Reproduce the listing below word for word and exclude any picture.

# [Source data]
# # # # #
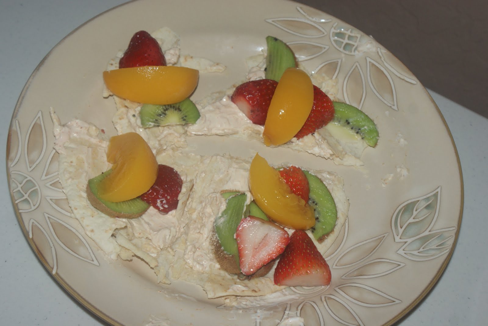 Toast tortillas in oven on 375 for about 15 minutes, flip half way through to prevent curling. Mix cream cheese and chipotle, spread on toasted tortillas. Garnish with fruit, cut and serve.
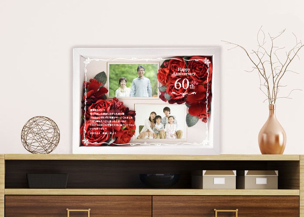 形に残る還暦祝いギフト 名入れフォトフレームフラワー
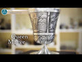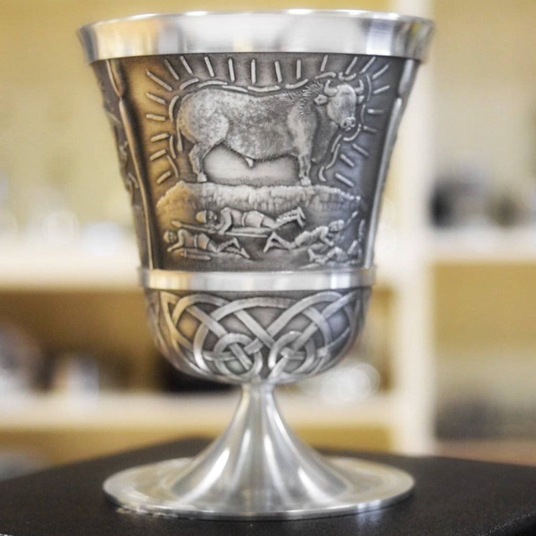 This elaborately handcrafted beaker features embossed scenes of the legendary Queen Maeve (Medb in the Old Irish spelling), the warrior queen of Connacht from the Iron Age who is shrouded in myth, with folklorists suggesting that she may have been a sovereignty goddess.
# # # # #
# [Problem solution]
 Toast tortillas in oven on 375 for about 15 minutes, flip half way through to prevent curling. Mix cream cheese and chipotle, spread on toasted tortillas. Garnish with fruit, cut and serve.
 形に残る還暦祝いギフト 名入れフォトフレームフラワー
 This elaborately handcrafted beaker features embossed scenes of the legendary Queen Maeve (Medb in the Old Irish spelling), the warrior queen of Connacht from the Iron Age who is shrouded in myth, with folklorists suggesting that she may have been a sovereignty goddess.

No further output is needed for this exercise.